The French fascination with the guillotine has found a new focus over the last week. The man under the knife is France’s silver-haired prime minister, Michel Barnier, known for composure on previous scaffolds.

His political life could even be over this week, or possibly before Christmas, a prospect prompting ghoulish speculation about financial chaos, American-style government shutdown and unpaid salaries for the fifth of France’s work force on the public payrolls. That the country might soon be without a government is adding to the French malaise — a soup of industrial layoffs, strikes, demonstrating farmers, anemic growth and a yawning deficit.

The prospect of a government collapse sent French borrowing costs soaring relative to Germany’s last week, pushing them almost to the level of Greece’s. A showdown could come as early as Monday, when Mr. Barnier might try to force through a budget bill on government health care and other social spending.

Even Mr. Barnier, a veteran politician who negotiated a tough Brexit deal for the European Union and served four times as a minister in previous governments, concedes that he is living on borrowed time. The woman in control of the blade is Marine Le Pen, leader of the far-right populist National Rally, which has more seats in the lower house of the French Parliament than any other party.

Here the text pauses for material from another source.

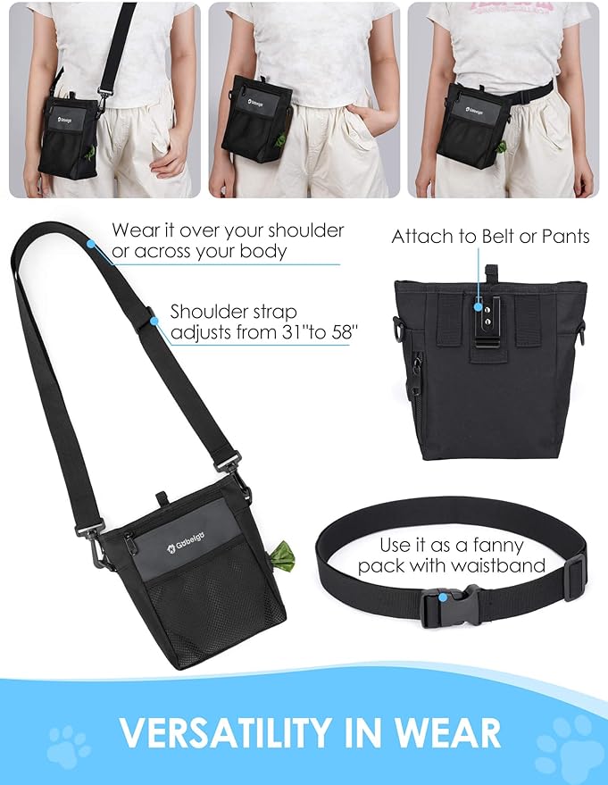 Gobeigo Dog Treat Pouch with Silicone Snack Bag, Front Pocket fits All Phones, 4 Cup Treat Bag with Training Clicker, Upgrade Stronger Magnetic Closure, 3 Ways to Wear Walking Fanny Pack (Gray)

She doesn’t like Mr. Barnier’s budget of some $60 billion in tax increases and spending cuts. She doesn’t like his cuts to some medical reimbursements and increases in electricity fees — “violent, unjust, inefficient,” she told reporters on Tuesday — and she has suggested that her party will censure him if he forces his budgets through without a vote in Parliament. Mr. Barnier gave ground on the electricity fees on Thursday, but Ms. Le Pen said that was not enough.

Bypassing the lower house of Parliament — a French oddity, permitted under the Constitution — often provokes cries of autocracy and outrage among lawmakers. Led by the left, and joined by the far right, they will almost definitely put the government to a confidence vote.